I was very confused when trying to understand servo/battery voltage compatibility.

So far I have all the components (I think) I need to complete. The radio is on its way. When assembling I had the option of locking the differentials. Can anyone explain the significance in doing so on a crawler?

And lastly......honestly......what's better? Going fast or playing with a crawler?
locking diffs....
with the diffs open, power will always go to the wheel with least resistance. So, if your front right tire is off the ground and the left is on the ground, power will go mostly to the right tire.....so your front axle wont be able to pull the truck. If 1 rear tire and 1 front tire are in the air, then the truck will hardly move as all the power will go to the wheels not touching the ground.
Open diffs make turning easier, since the inside and outside wheel can turn at different speeds.

Locked diffs means power ALWAYS goes to both wheels on a axle and they always turn at the same speed. The greatly improves crawling ability as you can have 1 tire in the air and the other tire and that axle will still be working to move the truck.
locked diffs reduce turning ability some, as the front tires will always turn the same speed. the truck will still turn, just not as tightly.

A compromise is to lock the rear, and leave the front open.
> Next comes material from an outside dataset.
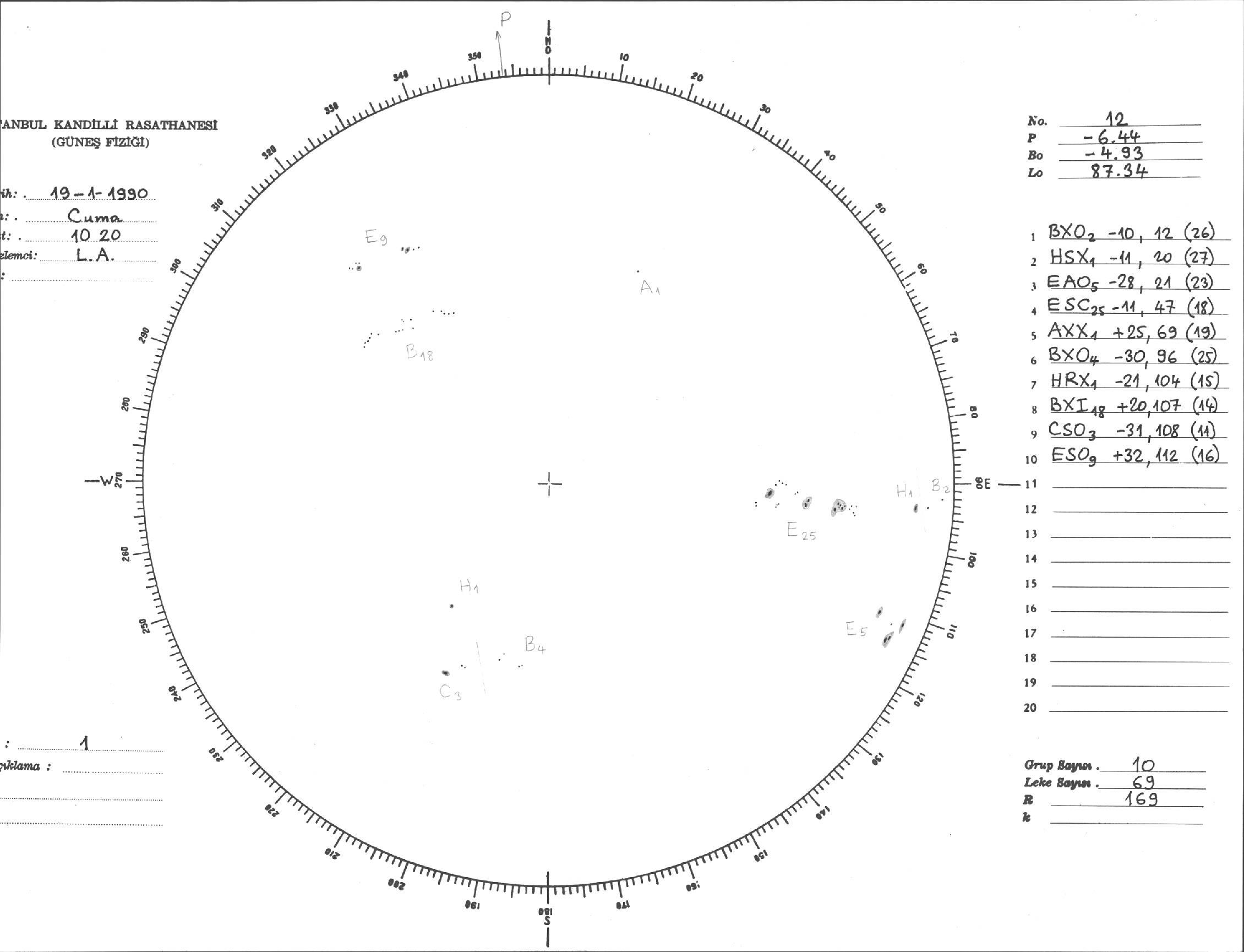 Güneş Lekesi Çizimi - 19.01.1990

there are videos from chevy showing there g80 locking diff in action.... a truck on a hill where one tire is basically off the ground....at first the truck wont move...then when the difference in speed between the 2 tires is high enough, the locking diff locks and power now goes to the tire that is on the ground and the truck gets moving again.

basically, with open diffs a 4wd truck can still get stuck as it can become 2wd (1 tire on front and 1 tire on rear in the air, or with no traction spinning and the other 2 tires not getting power)
A 4wd with locked axles sends power to all 4 tires all of the time and they all rotate at the same speed.

locked for lots of rock crawling. locked rear, open front for trail driving or more challenging mild rock crawling. Open diffs if you want to drive it around like a monster truck that can still go threw some mud or sand or other loose surfaces.

I enjoy rock crawling and driving fast the same. rock crawling is more technical....where you place the tires, picking the right line and such. Throttle control is important as well, to much or too little can result in either the truck not moving, or the truck possible breaking something.
Driving fast can be a handful that can require fast reflexes. And jumping an rc is always fun.

some people give rock crawling a try and don't like it. Often, picking the right place to crawl is important. the right mix of rocks, loose surface, maybe some water or mud will make driving your crawler more fun. Drive where the rocks are too small or way to large and it can be to hard or to easy to drive. Some also try to drive crawlers as fast as they can....this will lead to lots of broken driveline parts. A tire can become jammed between rocks sometimes, punch the throttle hard and stuff can snap. It is more about control and watching all 4 tires and overcoming that obstacle that was a challenge.
Another aspect of crawling that is a huge draw is building your truck to look like a real truck. most fast RC's only somewhat resemble a real vehicle. But some rock crawlers are built with amazing bodies and amazing scale details.